Whether or not a student has fulfilled an area requirement will be determined by the Graduate Committee in consultation with the student's graduate-course instructor(s) and the faculty members who prepared and graded the examination. The total performance in the examination and course work will determine whether or not the area requirement is satisfied. The Graduate Committee will determine how any deficiencies, if present, may be corrected. Complete descriptions of the various area requirements follow. Students who have successfully completed graduate level course work at another institution can petition the Graduate Committee to allow that course work to satisfy the course component of an area requirement.
This requirement consists of an examination outlined below and a one year graduate course in Modern Algebra: Math 220ABC.

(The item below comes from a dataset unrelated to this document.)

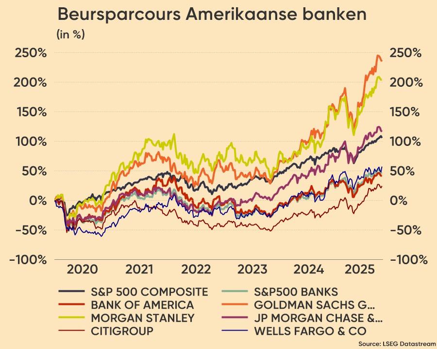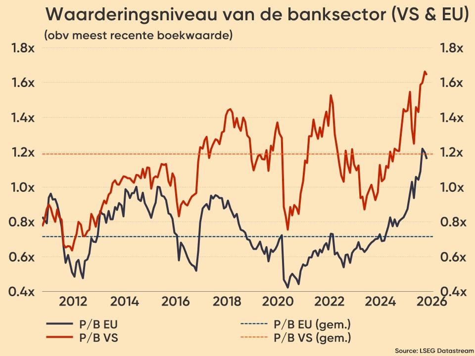 Toch is voorzichtigheid geboden. De waardering van JPMorgan is inmiddels uitzonderlijk hoog: het aandeel is dit jaar al met bijna 30% gestegen, tegenover 13% voor de bredere S&P500. Zowel de price-to-book als de price/earnings ratio bevinden zich op het hoogste niveau in vijftien jaar. Dit betekent dat veel optimisme al in de koers is verdisconteerd en dat de ruimte voor tegenvallers beperkt is.
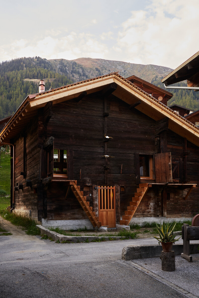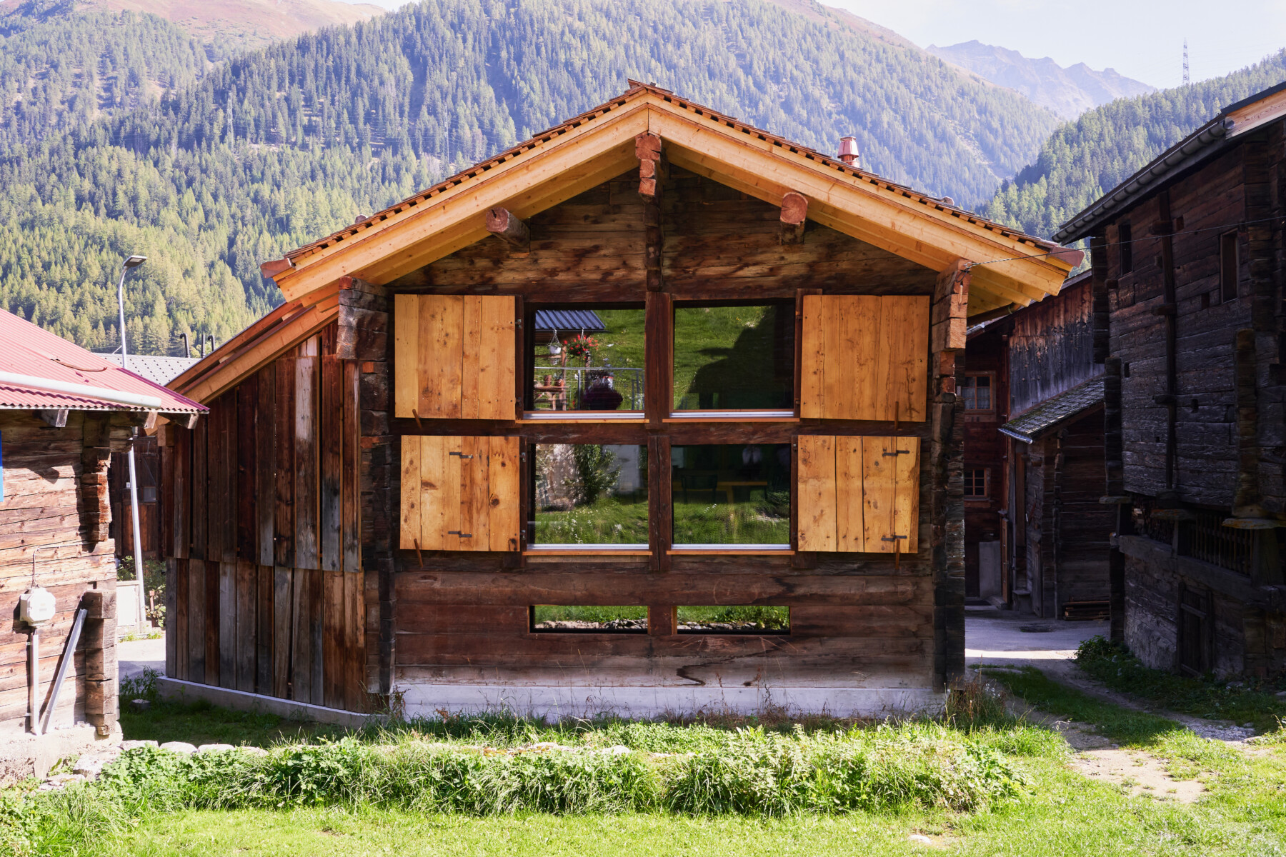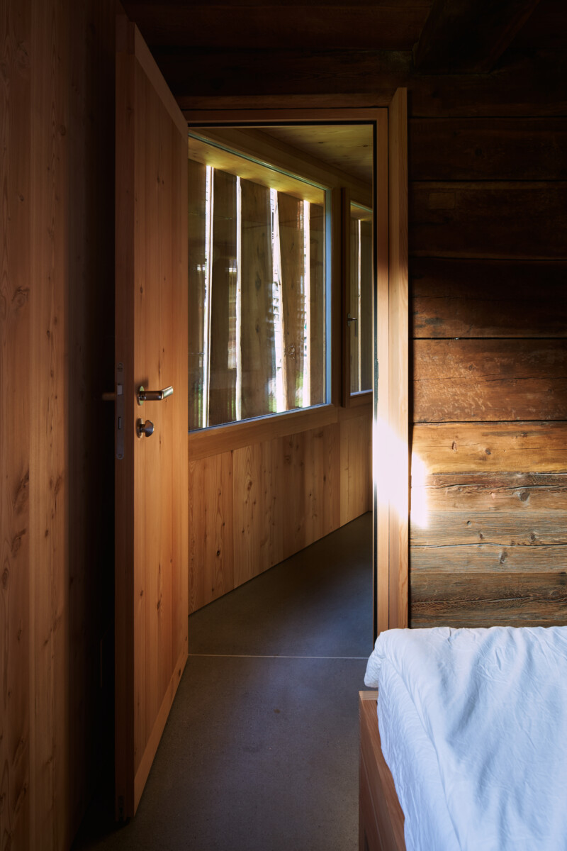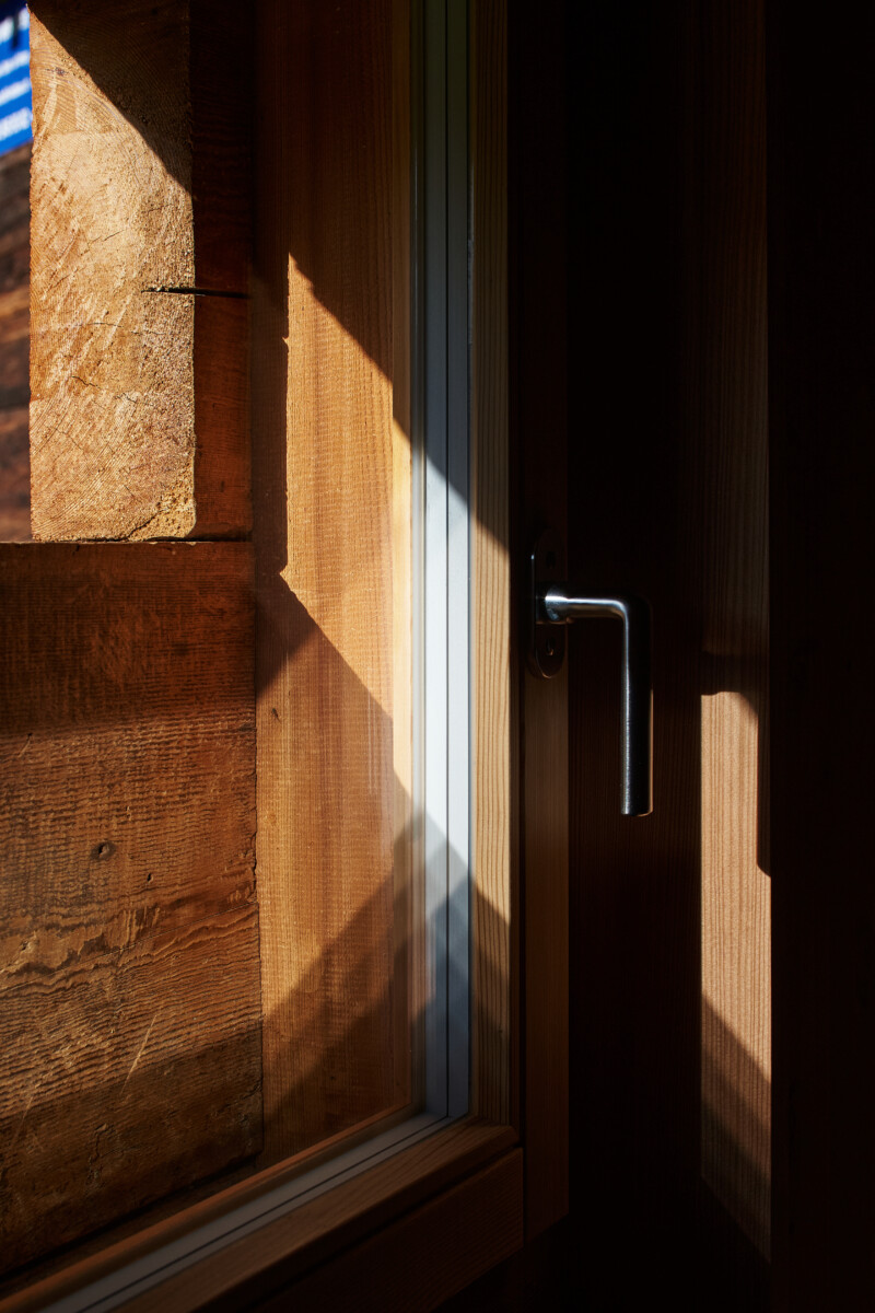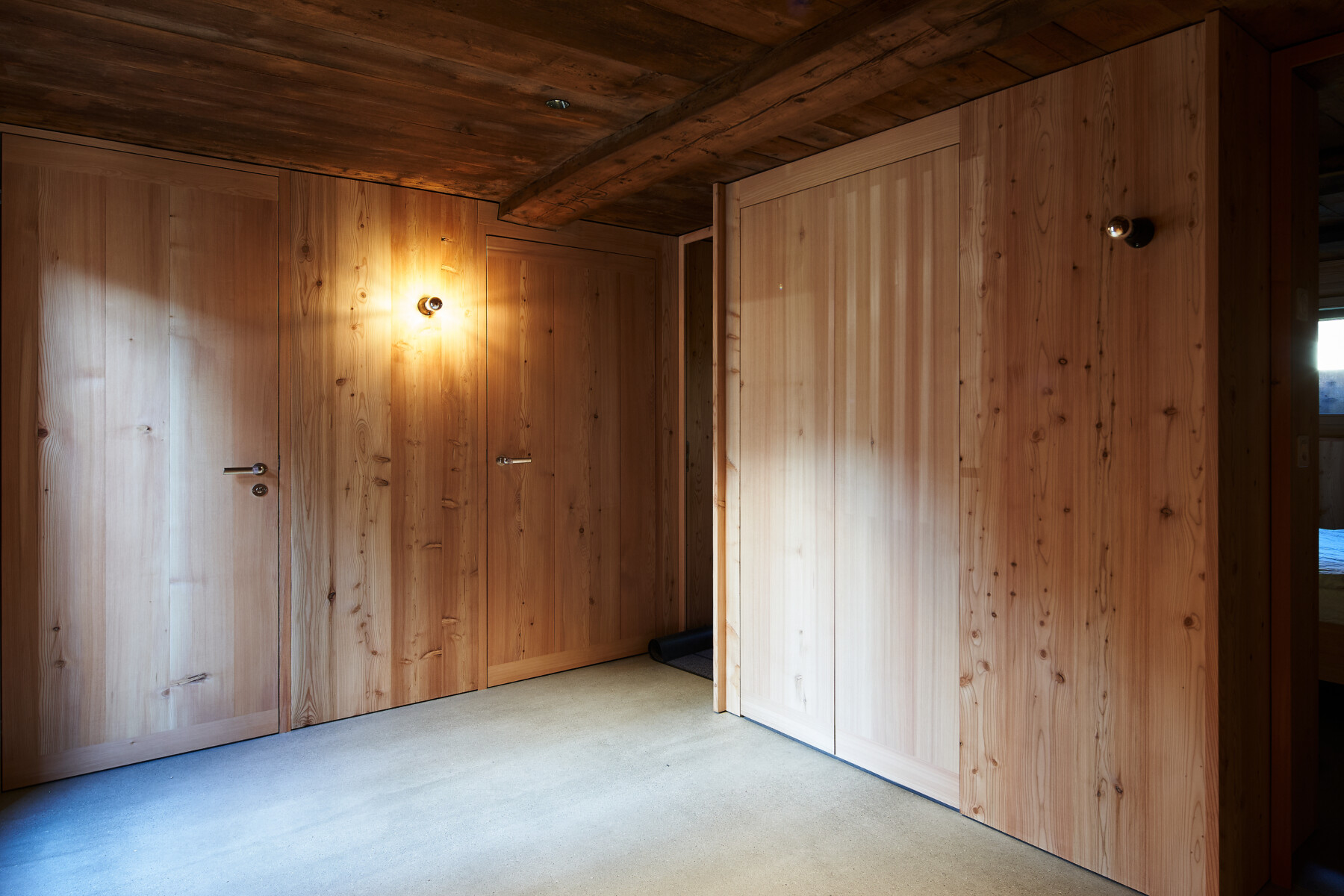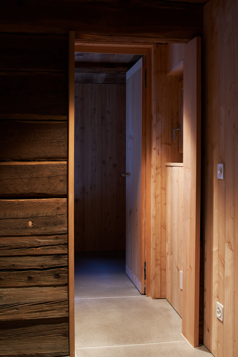 Betonmauerwerk, Altholz Lärche, Schindeln in Lärche, Innenausbau Lärche massiv und furniert, Altholz Fichte, Anhydrit eingefärbt

The algebra examination is based on work covered in good undergraduate algebra courses. At UCSB such courses would be 108ABC and 111ABC. The examination will permit a limited selection in the choice of questions to answer. Topics for which students are always responsible, and which are therefore likely to appear, include:
- Groups: Lagrange's theorem, permutation groups, Cayley's theorem, cyclic groups, morphisms, quotient groups, automorphism groups, direct product representation for finitely generated abelian groups, Sylow theorems, groups of small order.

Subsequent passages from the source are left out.